### Problem requirements
Go to the line with "Mailed: Postmark: 1916" in the entries below and write out every line from there through the line with "தமது ஆங்கில உரையின்போது", exactly and without pictures.

### Data to use

************

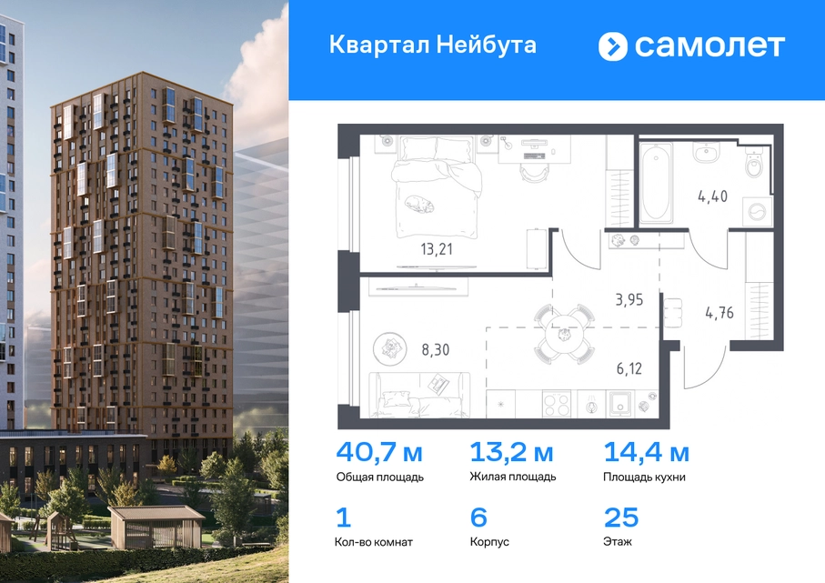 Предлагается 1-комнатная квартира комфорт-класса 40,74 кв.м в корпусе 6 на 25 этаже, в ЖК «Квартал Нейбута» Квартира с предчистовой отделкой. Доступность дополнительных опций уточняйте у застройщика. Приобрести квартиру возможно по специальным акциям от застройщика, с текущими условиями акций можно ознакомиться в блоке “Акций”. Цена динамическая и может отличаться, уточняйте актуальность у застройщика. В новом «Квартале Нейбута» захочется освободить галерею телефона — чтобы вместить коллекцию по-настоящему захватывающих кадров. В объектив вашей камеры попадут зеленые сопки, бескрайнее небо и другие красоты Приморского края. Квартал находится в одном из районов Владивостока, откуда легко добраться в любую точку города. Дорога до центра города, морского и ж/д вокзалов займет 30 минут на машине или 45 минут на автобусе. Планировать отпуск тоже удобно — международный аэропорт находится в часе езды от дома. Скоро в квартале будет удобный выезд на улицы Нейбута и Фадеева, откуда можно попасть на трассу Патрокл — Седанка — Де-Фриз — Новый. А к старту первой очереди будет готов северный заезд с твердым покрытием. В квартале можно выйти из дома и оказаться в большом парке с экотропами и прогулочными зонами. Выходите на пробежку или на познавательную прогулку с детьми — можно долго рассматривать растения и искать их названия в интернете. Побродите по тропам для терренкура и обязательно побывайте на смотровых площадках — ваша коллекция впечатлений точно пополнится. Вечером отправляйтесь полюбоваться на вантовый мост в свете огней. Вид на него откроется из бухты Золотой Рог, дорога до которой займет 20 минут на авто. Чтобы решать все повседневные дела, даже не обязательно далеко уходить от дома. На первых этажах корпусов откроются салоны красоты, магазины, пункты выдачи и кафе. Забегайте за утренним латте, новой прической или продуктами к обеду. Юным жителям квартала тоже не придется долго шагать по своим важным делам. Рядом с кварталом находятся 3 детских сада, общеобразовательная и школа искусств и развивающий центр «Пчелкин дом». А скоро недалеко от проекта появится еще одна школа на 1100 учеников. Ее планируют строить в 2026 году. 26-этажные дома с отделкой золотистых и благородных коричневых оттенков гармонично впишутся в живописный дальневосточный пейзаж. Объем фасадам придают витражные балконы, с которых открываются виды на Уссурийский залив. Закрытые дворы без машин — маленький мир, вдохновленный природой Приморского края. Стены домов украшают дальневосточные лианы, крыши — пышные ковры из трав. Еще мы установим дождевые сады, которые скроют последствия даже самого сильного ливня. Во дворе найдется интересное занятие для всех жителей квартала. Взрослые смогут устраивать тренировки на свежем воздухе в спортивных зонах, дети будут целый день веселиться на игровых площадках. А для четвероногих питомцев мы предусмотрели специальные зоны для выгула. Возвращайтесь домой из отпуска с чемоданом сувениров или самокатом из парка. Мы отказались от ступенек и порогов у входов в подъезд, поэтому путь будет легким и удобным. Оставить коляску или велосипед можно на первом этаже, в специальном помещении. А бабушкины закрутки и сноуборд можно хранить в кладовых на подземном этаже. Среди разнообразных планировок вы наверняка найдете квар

************

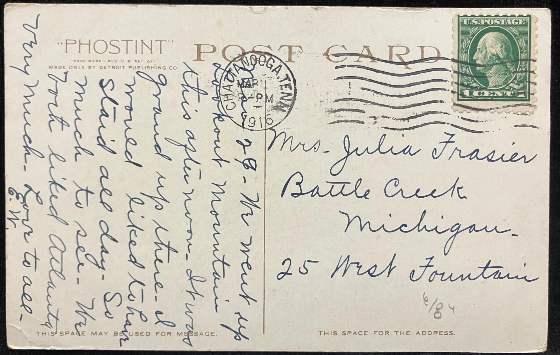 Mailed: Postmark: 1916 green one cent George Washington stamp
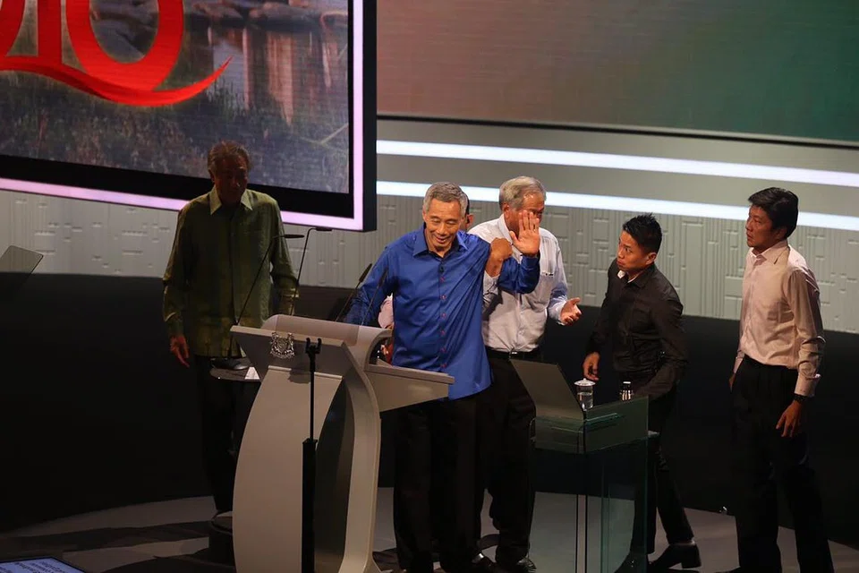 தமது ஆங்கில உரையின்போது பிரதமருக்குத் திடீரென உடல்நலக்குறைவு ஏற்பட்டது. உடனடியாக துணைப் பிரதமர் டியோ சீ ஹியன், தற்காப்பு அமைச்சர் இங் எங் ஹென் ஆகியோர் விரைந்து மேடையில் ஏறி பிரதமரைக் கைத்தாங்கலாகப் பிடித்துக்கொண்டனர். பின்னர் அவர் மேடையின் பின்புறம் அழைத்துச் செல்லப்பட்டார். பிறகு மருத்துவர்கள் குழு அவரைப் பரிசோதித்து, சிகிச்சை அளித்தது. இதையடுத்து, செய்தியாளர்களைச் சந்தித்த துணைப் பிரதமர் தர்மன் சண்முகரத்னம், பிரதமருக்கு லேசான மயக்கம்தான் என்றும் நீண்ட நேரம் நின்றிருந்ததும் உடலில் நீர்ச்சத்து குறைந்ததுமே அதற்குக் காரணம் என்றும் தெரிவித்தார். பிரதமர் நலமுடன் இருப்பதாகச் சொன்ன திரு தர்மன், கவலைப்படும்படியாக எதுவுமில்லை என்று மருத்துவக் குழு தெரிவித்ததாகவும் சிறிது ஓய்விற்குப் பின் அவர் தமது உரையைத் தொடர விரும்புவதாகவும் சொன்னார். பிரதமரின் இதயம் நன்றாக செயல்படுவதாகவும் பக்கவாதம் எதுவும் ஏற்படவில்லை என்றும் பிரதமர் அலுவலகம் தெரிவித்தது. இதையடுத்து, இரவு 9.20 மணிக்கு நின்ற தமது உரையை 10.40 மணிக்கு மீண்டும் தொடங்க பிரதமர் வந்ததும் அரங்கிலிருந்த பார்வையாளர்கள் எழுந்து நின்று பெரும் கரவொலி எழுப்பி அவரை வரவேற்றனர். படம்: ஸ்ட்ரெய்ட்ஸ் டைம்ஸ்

************

### Solution for this task
 Mailed: Postmark: 1916 green one cent George Washington stamp
 தமது ஆங்கில உரையின்போது பிரதமருக்குத் திடீரென உடல்நலக்குறைவு ஏற்பட்டது. உடனடியாக துணைப் பிரதமர் டியோ சீ ஹியன், தற்காப்பு அமைச்சர் இங் எங் ஹென் ஆகியோர் விரைந்து மேடையில் ஏறி பிரதமரைக் கைத்தாங்கலாகப் பிடித்துக்கொண்டனர். பின்னர் அவர் மேடையின் பின்புறம் அழைத்துச் செல்லப்பட்டார். பிறகு மருத்துவர்கள் குழு அவரைப் பரிசோதித்து, சிகிச்சை அளித்தது. இதையடுத்து, செய்தியாளர்களைச் சந்தித்த துணைப் பிரதமர் தர்மன் சண்முகரத்னம், பிரதமருக்கு லேசான மயக்கம்தான் என்றும் நீண்ட நேரம் நின்றிருந்ததும் உடலில் நீர்ச்சத்து குறைந்ததுமே அதற்குக் காரணம் என்றும் தெரிவித்தார். பிரதமர் நலமுடன் இருப்பதாகச் சொன்ன திரு தர்மன், கவலைப்படும்படியாக எதுவுமில்லை என்று மருத்துவக் குழு தெரிவித்ததாகவும் சிறிது ஓய்விற்குப் பின் அவர் தமது உரையைத் தொடர விரும்புவதாகவும் சொன்னார். பிரதமரின் இதயம் நன்றாக செயல்படுவதாகவும் பக்கவாதம் எதுவும் ஏற்படவில்லை என்றும் பிரதமர் அலுவலகம் தெரிவித்தது. இதையடுத்து, இரவு 9.20 மணிக்கு நின்ற தமது உரையை 10.40 மணிக்கு மீண்டும் தொடங்க பிரதமர் வந்ததும் அரங்கிலிருந்த பார்வையாளர்கள் எழுந்து நின்று பெரும் கரவொலி எழுப்பி அவரை வரவேற்றனர். படம்: ஸ்ட்ரெய்ட்ஸ் டைம்ஸ்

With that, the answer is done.